Letter from Thrangu Rinpoche to Monks of Thrangu Monastery

We have been struck by an earthquake in our homeland and in particular at our Thrangu Monastery. The monastic college, retreat center, temple, and dormitories have all been destroyed. Many monks were killed. Many others have been injured and faced with great hardship. Despite this, when we comfort ourselves, we must remember that no one did anything to harm us, nor did we do anything wrong. Instead this is just the way the world is—it is a natural disaster. You are all sad and upset, but instead of wallowing in grief, pray to the Three Jewels. Make good aspiration prayers. Dedicate your virtue to those who have passed to nirvana or died. Doing this will be very good.

When I first heard the news yesterday, I immediately informed the Gyalwang Karmapa and Tai Situ Rinpoche. Both of them developed bodhichitta, recited prayers, and performed purification rituals. His Eminence Situ Rinpoche also performed the Thousand Offerings and many other virtuous rituals. They recited many prayers of aspiration and offering refuge, and so we have received their words of blessing.

A terrible thing has of course happened to those who passed away, but if they had died in another place, it would have been difficult to get such great masters like the Gyalwang Karmapa and Situ Rinpoche to recite prayers on their behalf. In this great disaster, not only did these masters recite prayers, they also regard them with their eyes of wisdom.

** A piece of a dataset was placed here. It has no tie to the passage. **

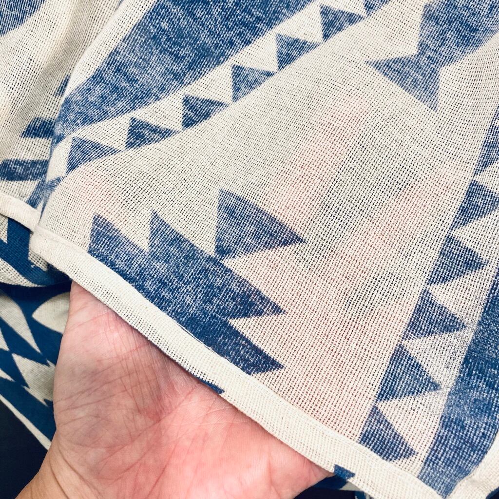 わりと薄めの生地なのでそのまま上に座るとか寝っ転がるには向いていないかも知れませんが、とても雰囲気のあるデザインコットンなので、アイデア次第で使い勝手のいいアイテムになるかもです。

This is a great fortune, and so all of you please think of this from a broader perspective.

This is of course a terrible event for us, but as the Bhagavan Buddha taught in the True Dharma, the characteristic of this samsaric world is that the end of birth is death, the end of meeting is parting, the end of gathering is using up, and the end of building is falling down. There is nothing that will not meet one of these four ends, he said. This is just the way this world of ours naturally is. This is nothing that anyone else has done to cause us problems, nor is there anything that someone has done wrong to cause this. It just happened naturally. Thus the most important thing is to go for refuge and make aspiration and dedication prayers; it is important to think about this from a wider perspective and do positive acts.

Although I would like to come there, it is a long way and I am old, so I am not able to come immediately. However, I will do as many prayers and aspirations as I can. The monastery has been destroyed, but in general, sometimes things wax, and sometimes they wane. Since this is just the characteristic of samsara, if we do not let ourselves get discouraged, it is not necessarily bad. We and others just need to do the best we can.

I have told the lamas at my overseas centers that they absolutely must go to see the situation, help recite prayers and aspirations for the deceased, and help care for the sick and injured. I have also asked them to examine the damaged monastery buildings and to do their best to work together with you until the monastery has been rebuilt. This is important, so I would like to ask all of you to cooperate with them in looking at the buildings, meeting with them, and accompanying them. Please make a connection with them. My own thought is that we will do whatever is best for the future. I cannot blame you for being sad and grieving now, but I do ask you to please look from a wider perspective and give yourselves courage.

----- Khenchen Thrangu Rinpoche

This incredibly moving letter says everything that needs to be said. If you want to help this situation, please visit this link for further information.

2 comments:

  1. I was so moved by this tragedy i sat down and wrote a story about the last moments of a Monk in the Thrangu Monastery.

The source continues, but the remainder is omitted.